Retail trade bodies have labelled the government’s draft code of practice for alcohol retailers as “confusing” and “bad for competition”.

In the Home Office's 'Consultation on the new code of practice for alcohol retailers', the proposed mandatory code requires retailers to display information about the alcohol unit content of drinks and the impact on health.
The government also suggested a flexible set of conditions that could be imposed at the discretion of  local authorities. These include banning bulk buy promotions where a consumer must buy a certain amount of alcohol to obtain a discount, and requiring staff to operate a Challenge 21 policy.
Any premises that are found to be breaching the mandatory code or local discretionary conditions could face a range of sanctions including loss of licence, having additional conditions imposed on their license, or on summary conviction, a maximum £20,000 fine and/or six months imprisonment.

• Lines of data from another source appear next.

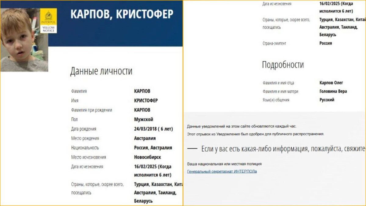 Интерпол объявил в розыск шестилетнего мальчика, которого похитил отец на глазах матери во время прогулки в Новосибирске. Это следует из карточки на официальном портале Интерпола. Так, карточку пропавшего мальчика сопровождает пометка о «желтом уведомлении», которая предусмотрена для поиска и идентификации пропавших без вести лиц, в том числе несовершеннолетних. По данным Интерпола, мальчик мог уже побывать в таких странах, как Турция, Казахстан, Китай, Таиланд и Белоруссия. Ранее появилась информация, что горе-отец через адвокатов предоставил доказательство того, что ребенок находится с ним в Австралии. На странице во «Вконтакте» правозащитница Анна Тажеева выложила видеообращение мамы мальчика Веры Головиной, где та говорит, что с ней связались адвокаты бывшего мужа и заявили, что отец с сыном приземлились в Австралии еще 1 марта. При этом точного подтверждения этому нет. Сотрудники же правоохранительных органов утверждают, что мальчик не пересекал границу России. Напомним, ребенка и
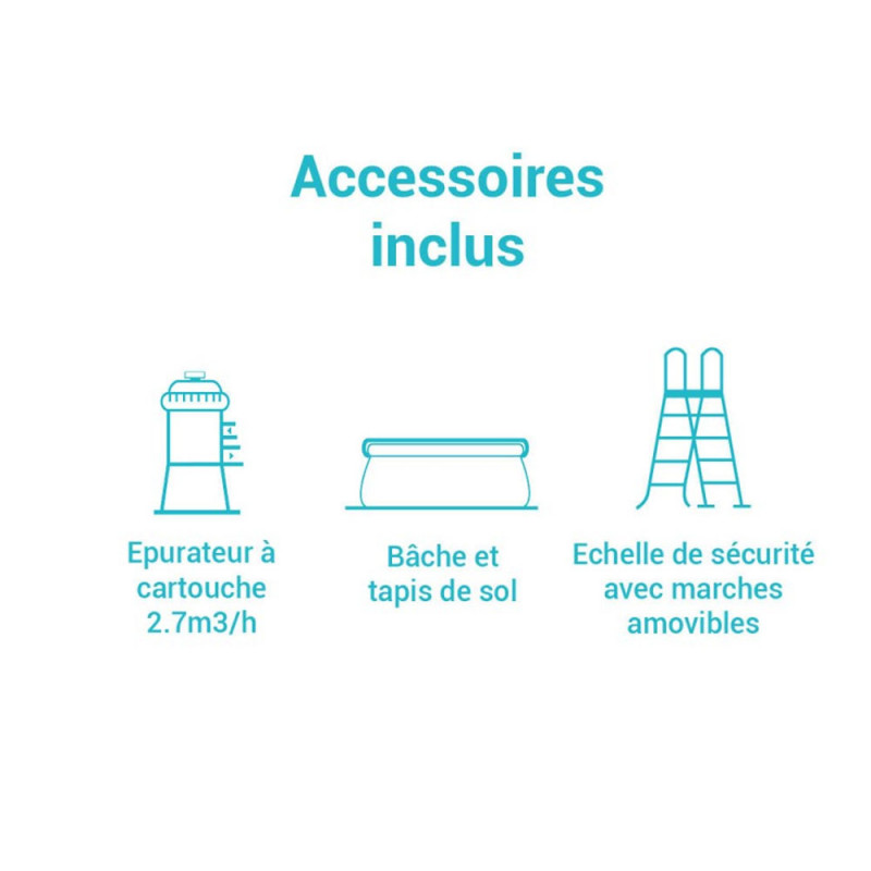 Livrée complète avec échelle, tapis de sol, bâche, épurateur 2,7 m³/h et ses tuyaux
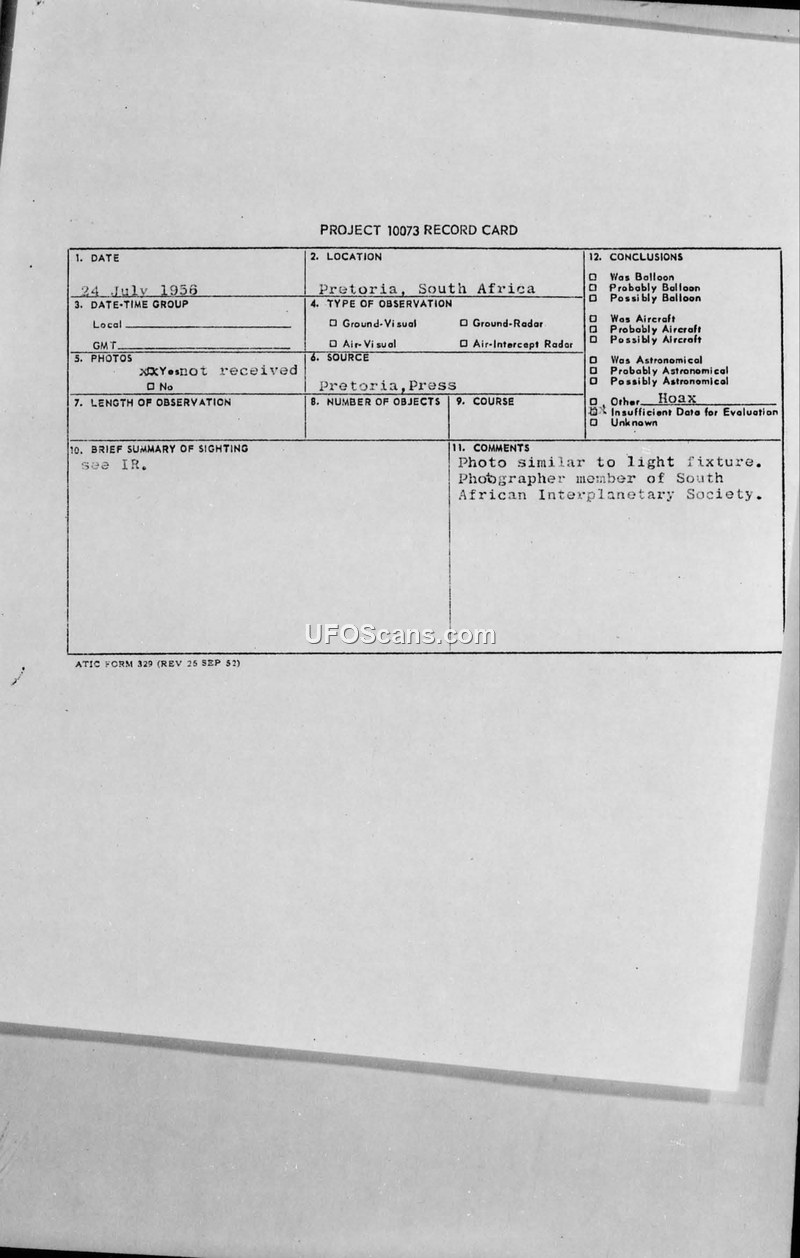 Project 10073 Record Card — Pretoria, South Africa, 24 July 1956
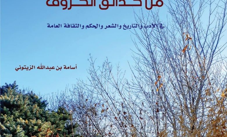 صدر حديثاً للكاتب الإعلامي الأستاذ أسامة بن عبدالله الزيتوني كتاب جديد تحت عنوان ” قطوف من حدائق الحروف ” وقد تناول الكتاب مجموعة من الحِكم والعبر والقصص التاريخية والشعر والطرائف ومعلومات عن شخصيات تاريخية وإسلامية متنوعة.
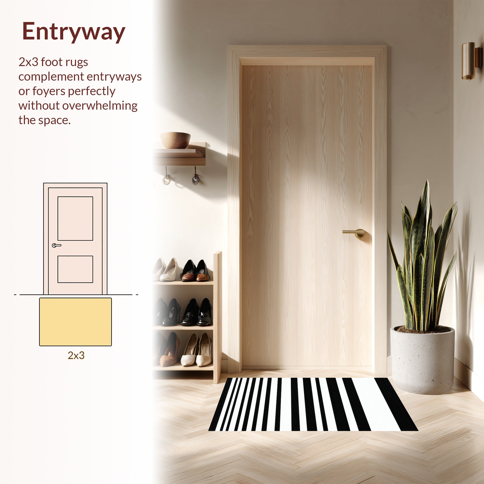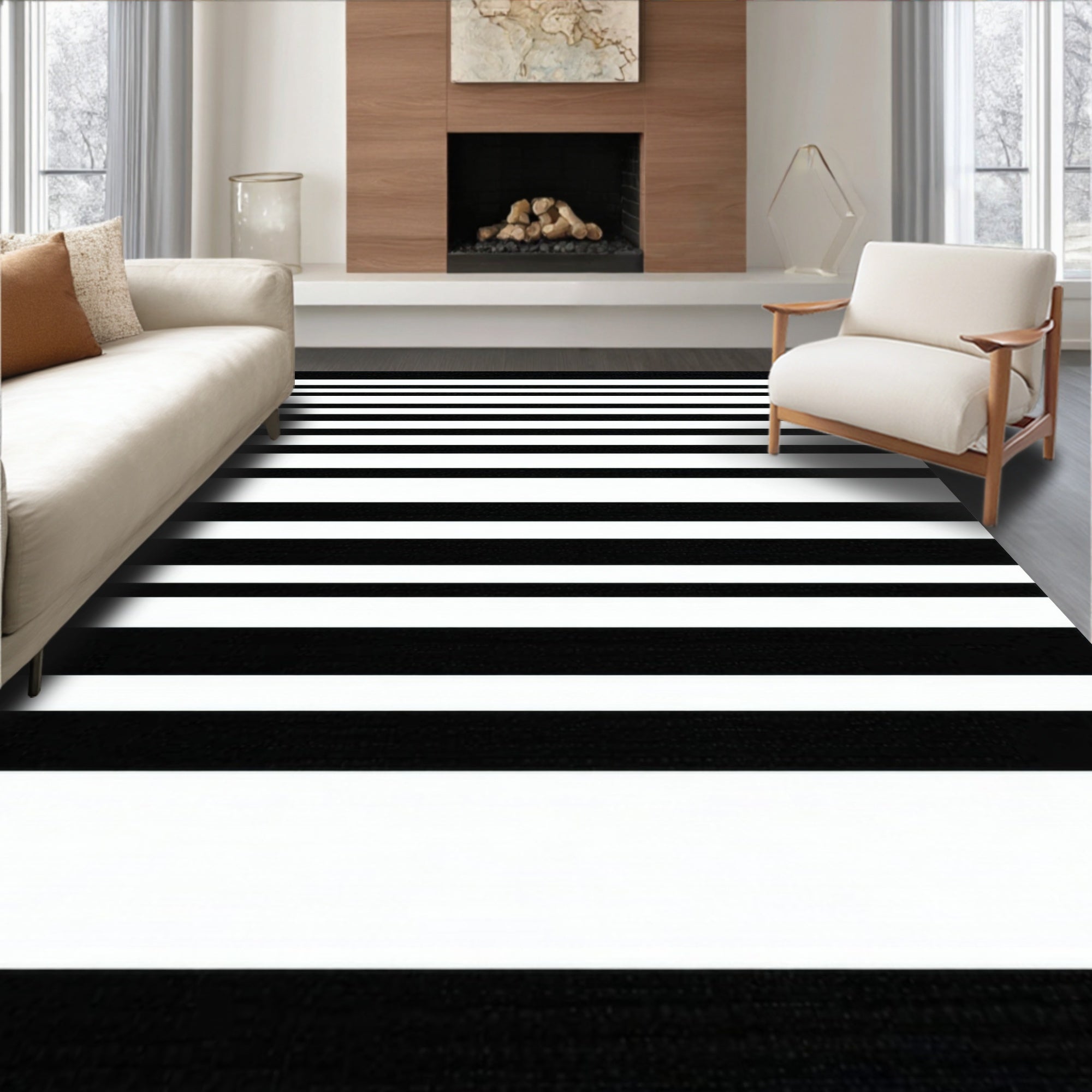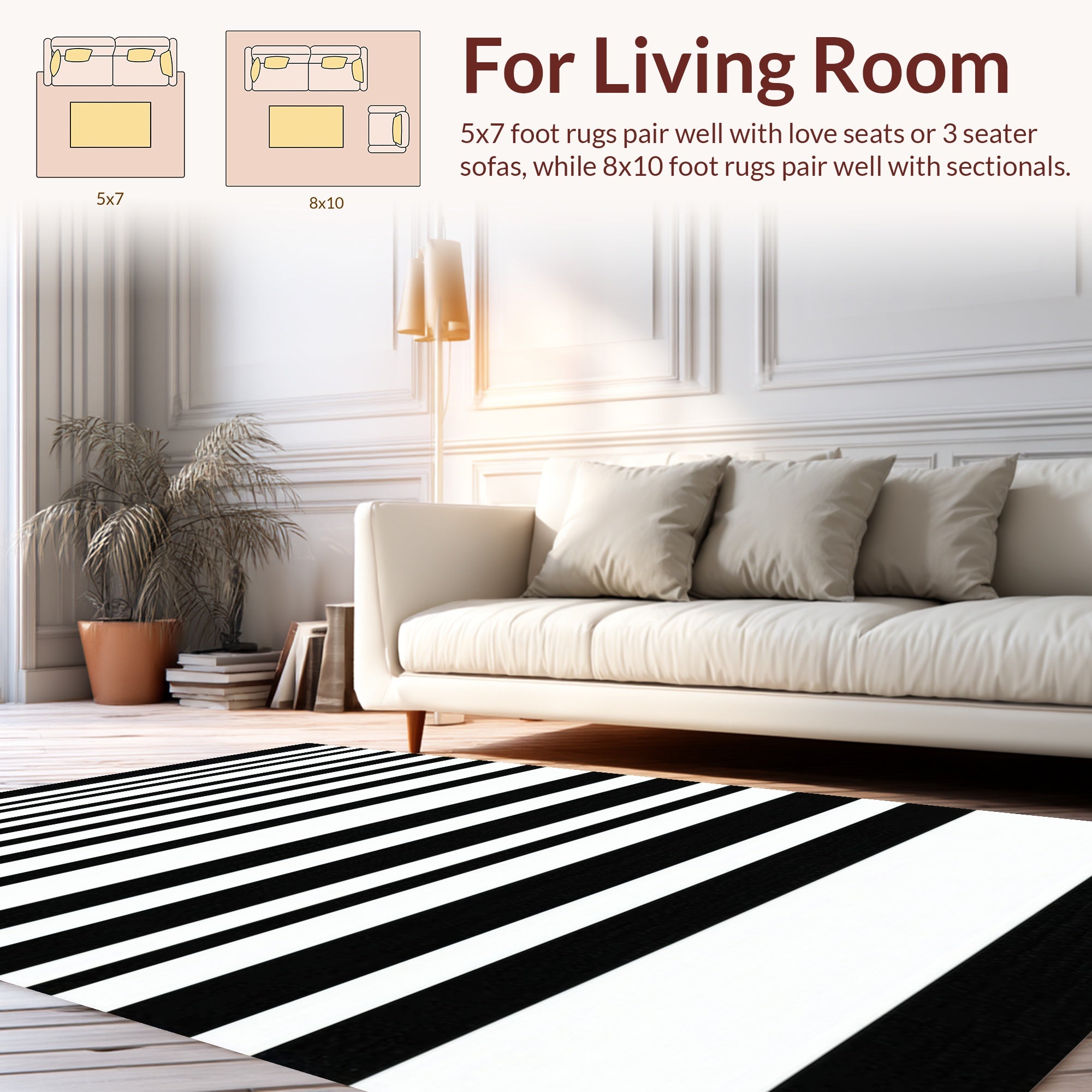 Flatwoven High Traffic Area Rug, Black Stripe Floor, Non Slip, Stain Resistant, Washable Area Rugs for Living Room, Bedroom (Black) Overview:
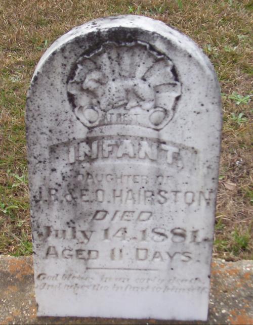 | Hairston, Infant | July 14, 1881 | “INFANT DAUGHTER OF J. B. & E. O. Hairston” “AGED 11 DAYS” "AT REST" | PC | |
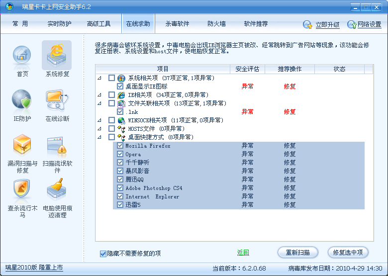 2、?已經感染病毒的用戶和使用其他殺毒軟件用戶在殺毒后無法正常運行桌面快捷方式時,下載瑞星卡卡上網安全助手,點擊“系統修復”后,自動修復桌面正常。
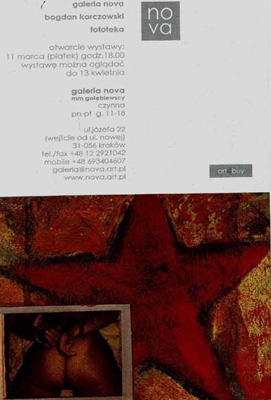 Po raz pierwszy w Polsce Bogdan Korczowski prezentuje tworzona od 1995 r. instalacje malarska "Fototeka". 40 prac z tej serii to male abstrakcyjne obrazki, w które zostaly wkomponowane zdjecia polaroidowe przedstawiajace kobiece ciala w erotycznych pozach. Calosc uklada sie w scienny fresk. Wprowadzajac w "Fototece" opozycje pomiedzy abstrakcja i figuracja, artysta ponawia próby zmierzajace do usytuowania sie w polowie drogi miedzy ekspresjonizmem i introspekcja.
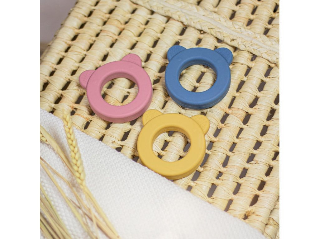 Měkké silikonové kousátko ve tvaru roztomilého medvídka je vyrobeno výhradně z potravinářského silikonu bez obsahu BPA.
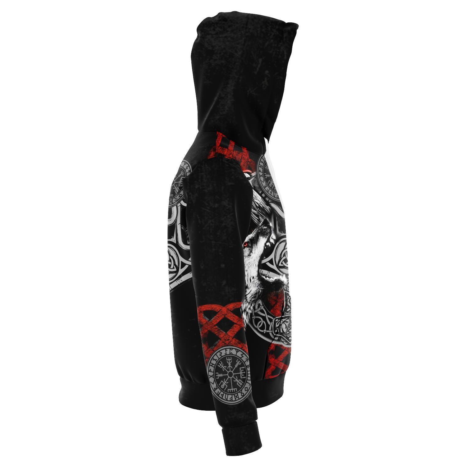 Viking Hoodie with Wolves Geri and Freki, and Ravens Hugin and Muninn.
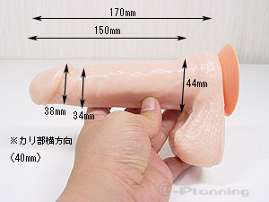 • 質感・造型ともにリアルな少し大きめのディルドーです。吸盤が付いてるので、フローリング床にくっつけて騎乗位。お風呂の壁に引っ付けてバックスタイルなんかも楽しめます。
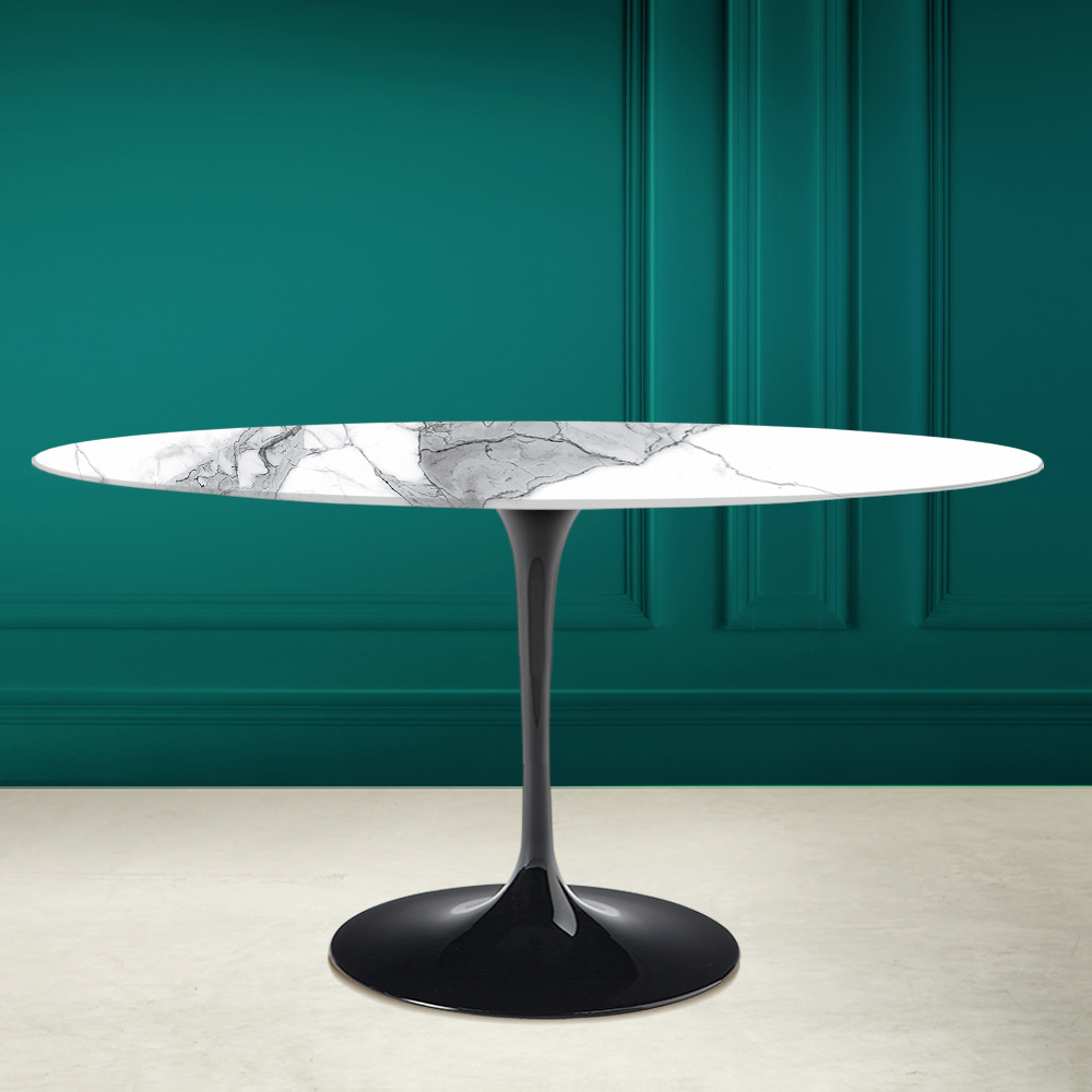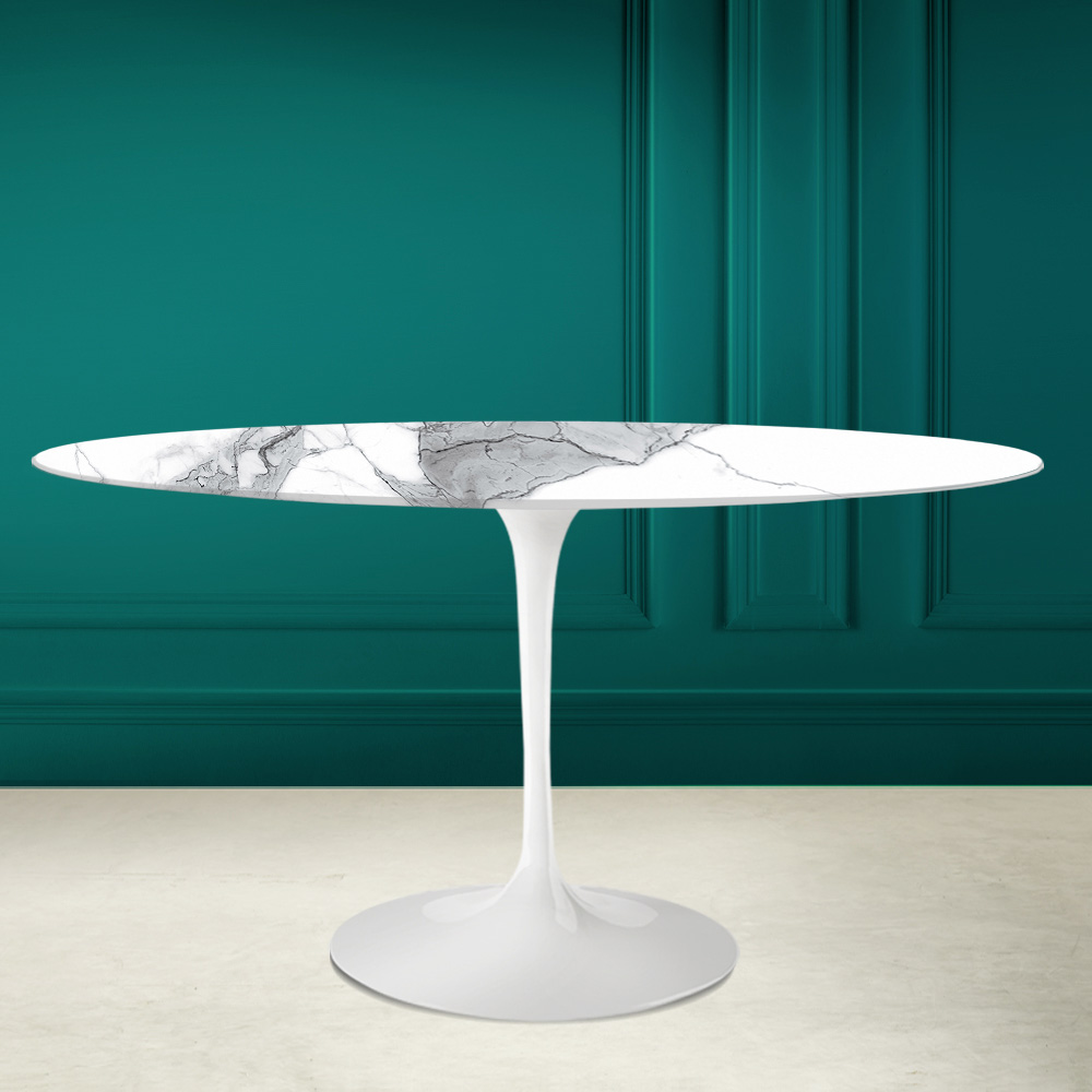 Eettafel met ovaal blad in statuario altissimo keramiek zeer hoogwaardig Made in Italy

The government decided not to proceed with the rumoured minimum unit pricing, as it said that it would punish unfairly the sensible majority of moderate and sensible drinkers. The consultation did commit to further researching the subject.
Association of Convenience Stores chief executive James Lowman urged Home Secretary Jacqui Smith to think carefully about the confusion that these proposed changes will bring in.
“These new proposals will confuse licensing officers, retailers and local people who are already using the Licensing Act effectively to tackle problems.”
Lowman added that proposing to make it a condition on a license that premises adopt a Challenge 21 policy is ill-conceived. He said: “If a Local Authority imposed this option, a retailer selling alcohol to a 20-year-old would potentially face a tougher penalty than if they sold to a 14-year-old.”
British Retail Consortium director general Stephen Robertson welcomed the government’s rejection of minimum pricing. However he criticised its proposed ban on shop promotions.  “Allowing local authorities to single out individual stores and their customers for promotions bans would deny people access to value and could undermine local grocery-market competition,” he said.